Javier Lusby (Vestia Zeta, No.07) found his way to a useful P7 in Race 2, while Haziq Yazid (Shiori Novella, No.90) salvaged a solid P8 that keeps pressure on the leaders. Yuri-Rafael de Oliveira (Nerissa Ravencroft, No.76) crossed in P9 in his debut outing for the Jailbirds and Tawan Bhumin (Fuwawa Abyssgard, No.25) rounded out the top ten, both drivers capitalizing on the attrition and the occasional seat-of-the-pants overtakes at the Glen’s flowing corners.

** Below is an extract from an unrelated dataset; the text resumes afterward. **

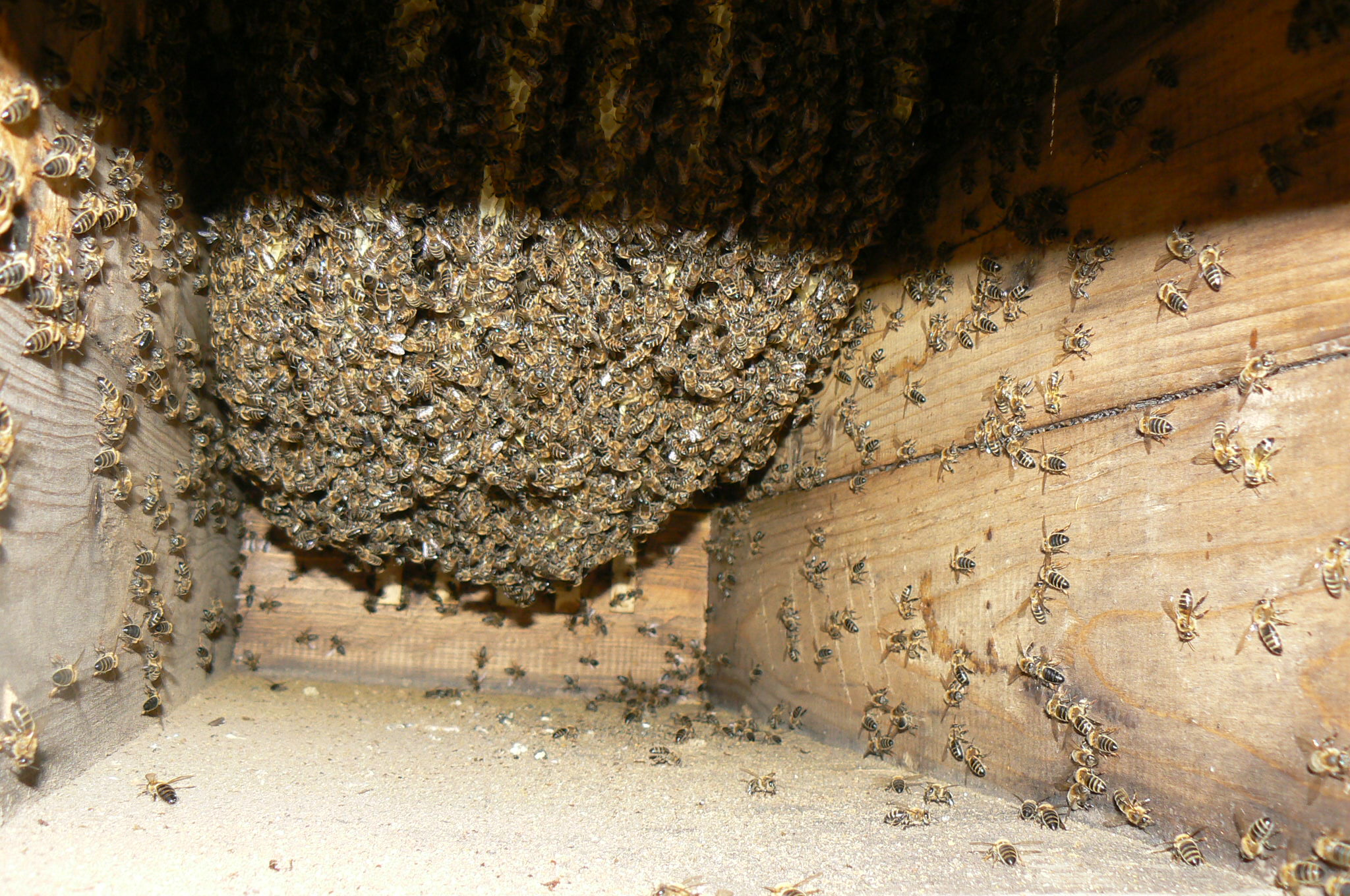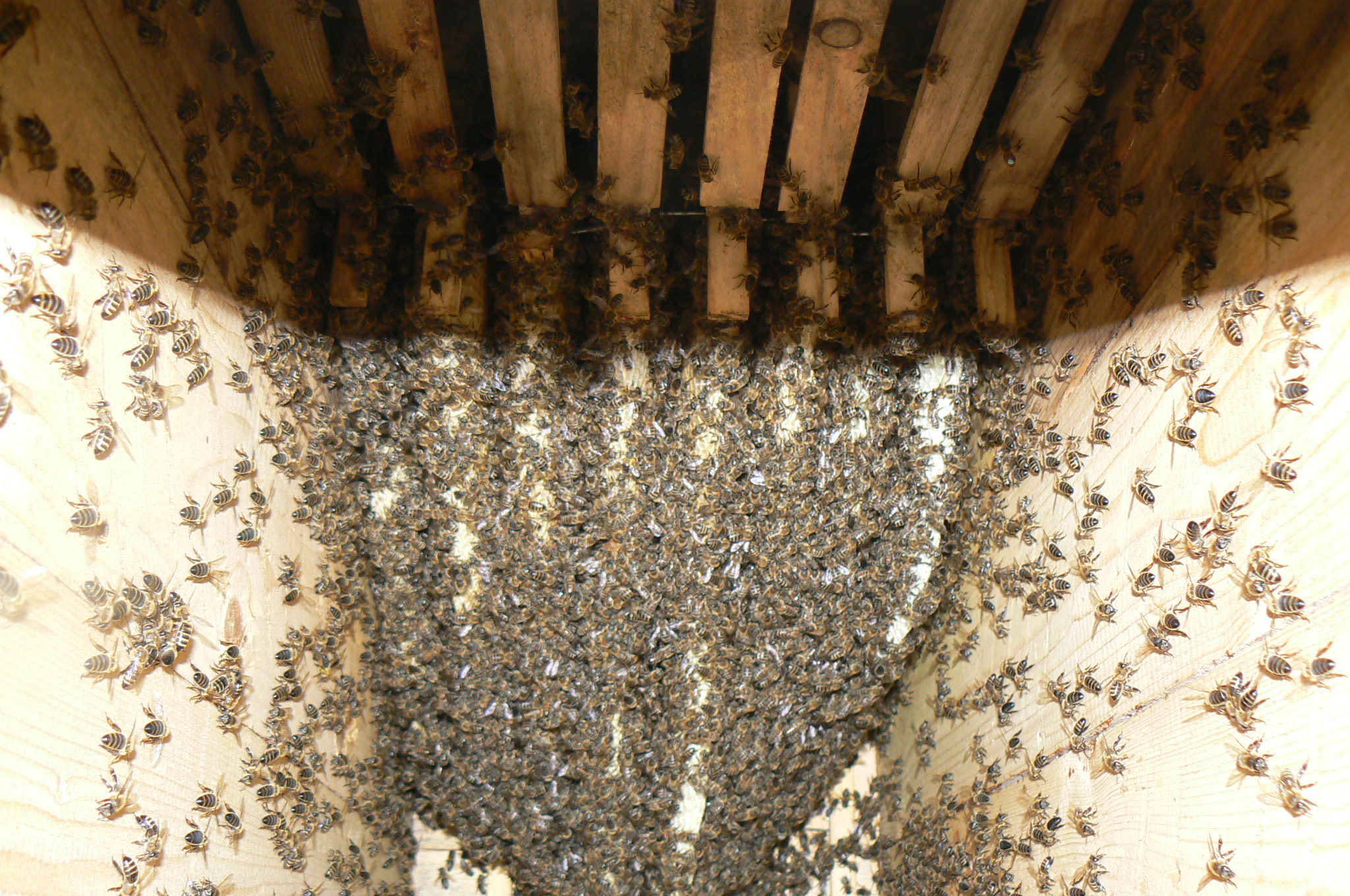 Jak jistě chápete, včely se zde chovají naprosto přirozeně, žádné rozšiřování, žádné zužování, přirozené zimování , staví si to co potřebují
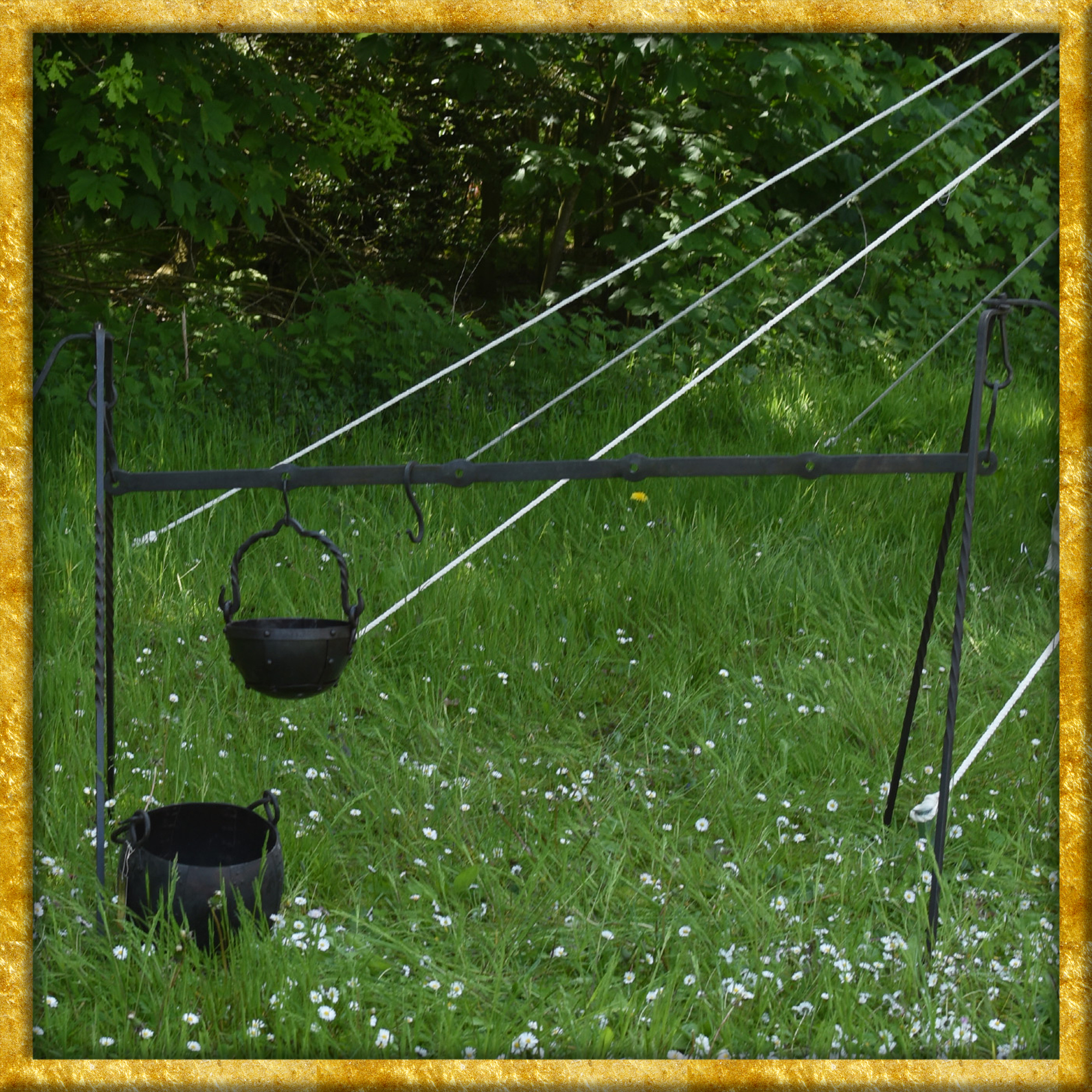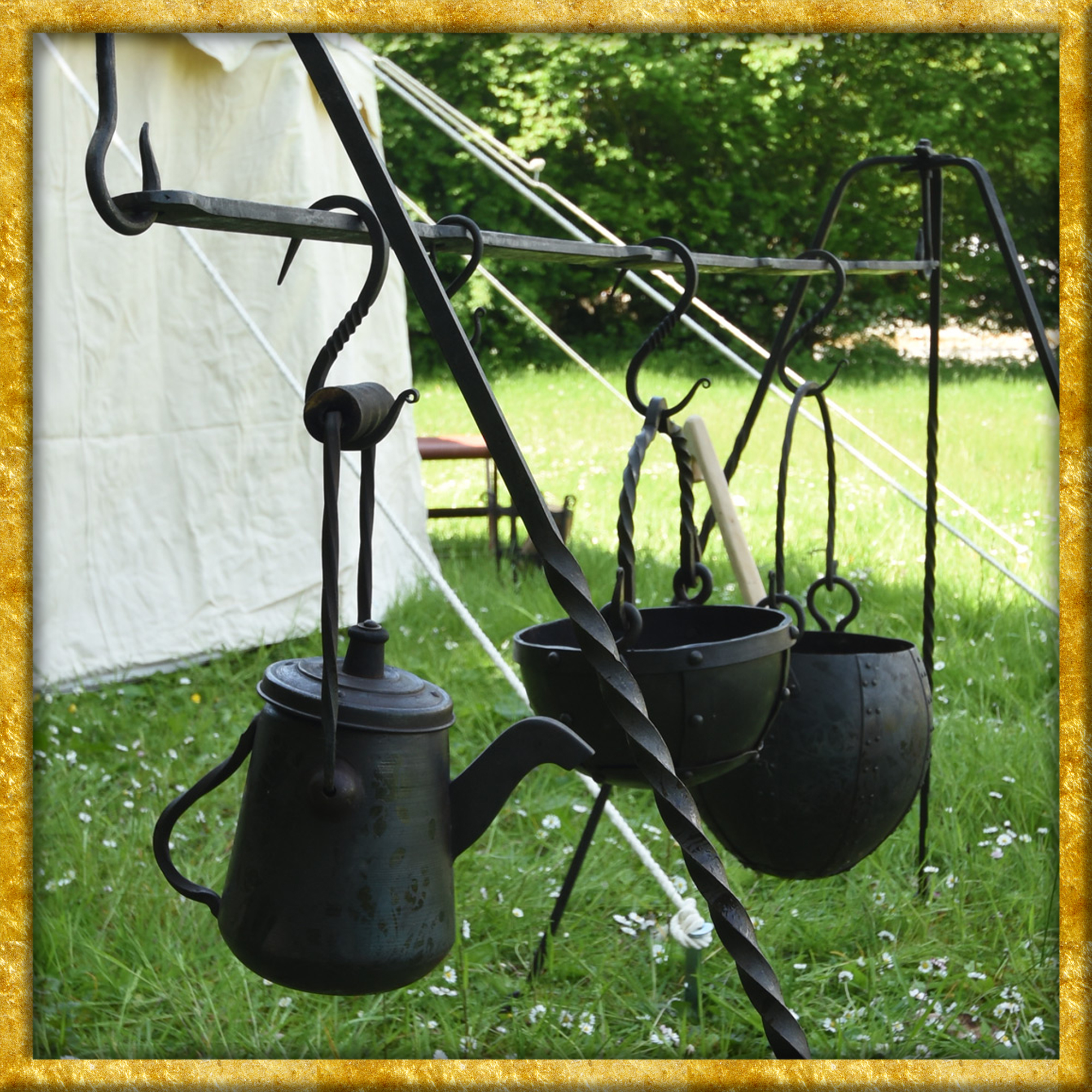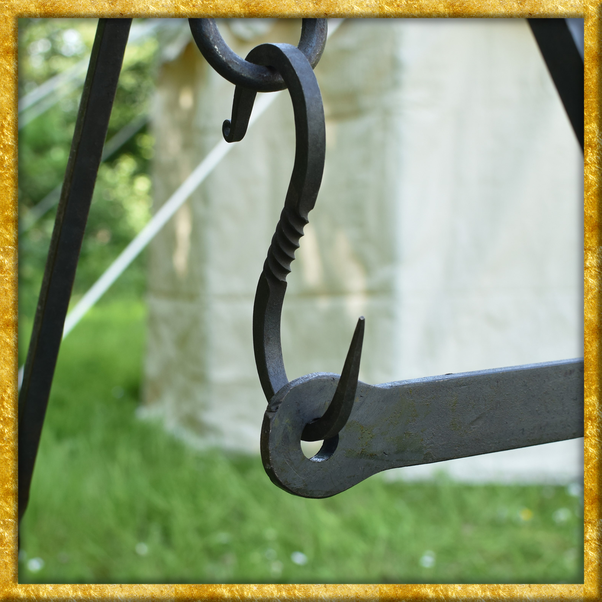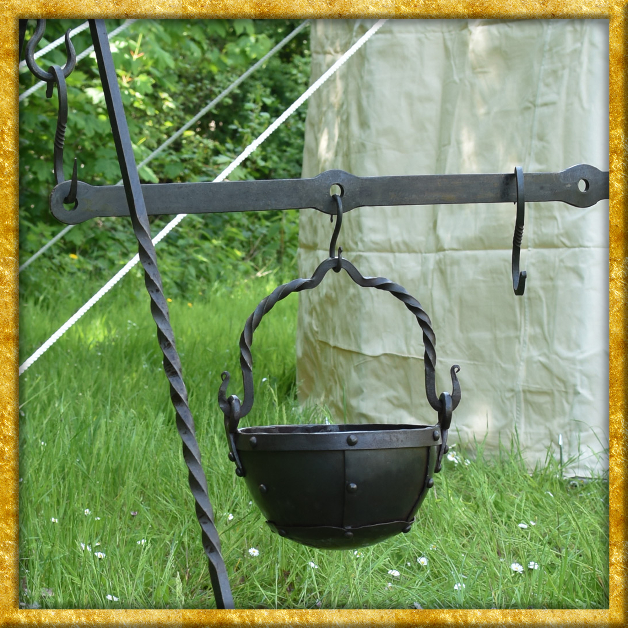 Dieses feine, solide Stück Schmiedekunst eignet sich einfach perfekt für den Lageralltag auf Mittelaltermärkten und Reenactment-, Living History- oder LARP-Events. Natürlich macht die Eisenstange auch im modernen Alltag was her, und mit ein bisschen Ideenreichtum, etwas handwerklichem Geschick und den passenden Accessoires kann man sie einsetzen, um dem Haus, Garten, Balkon oder der Terrasse eine urige, rustikale Atmosphäre zu verleihen.

The guest appearances mattered. Aqua Azurii — running as Oozora Subaru’s invited driver in the No.48 Oreca — and other JP entrants like the victorious Jeff Rohan and Tokoyami Towa’s presence influenced finishing positions and therefore the distribution of points among the INT field. That dynamic is becoming a recurring feature of the HoloType weekend format: invited drivers can spice the show while altering the mathematics of the championship without themselves being eligible for series points.


Championship implications are immediate but not decisive. Mohd Shazren Redza (Koseki Bijou, No.14) retains the championship lead on 563 points after a tough race 2, but Haziq Yazid (Shiori Novella, No.90) is closing in and sits at 531 after a weekend in which he did solid damage control with him out in 8th. Angela Sims (Anya Melfissa, No.33) remains third, while Evelyn Kuromi’s weekend — win plus a strong points finish — puts her on 437 and keeps her in the conversation with four rounds remaining.


Standout performances of the weekend were as much about timing as speed. Evelyn Kuromi’s Race 1 control and opportunism set up a strong points day; Hinochi Taiyo’s Race 2 second place (and first available points) was textbook execution under pressure; and Ryan Kagawa’s P3 provided a timely boost for Pavolia Reine. Conversely, some headline names struggled to translate pace into reward — Mohammed Shazren Redza dominated the opening invitational but endured a tougher time in the feature races, highlighting how the Glen can bite back on strategy or misfortune.


The All For One weekend delivered the package ARO hoped for: energetic support-race entertainment, the crossover spectacle with Hololive English’s concert, and meaningful championship moves. With four rounds left in the HoloType International calendar, the title fight tightens into a war of attrition where managing invited guests, traffic and pit-stop timing will be just as important as raw lap time.


Up next: teams travel onwards and try to turn Watkins Glen lessons into points at Suzuka later this year. For now, fans will be replaying Jeff Rohan’s surprise win, Kuromi’s composed drive and Hinochi’s points haul — a Glen weekend that married concert drama off-track with on-track intrigue in equal measure.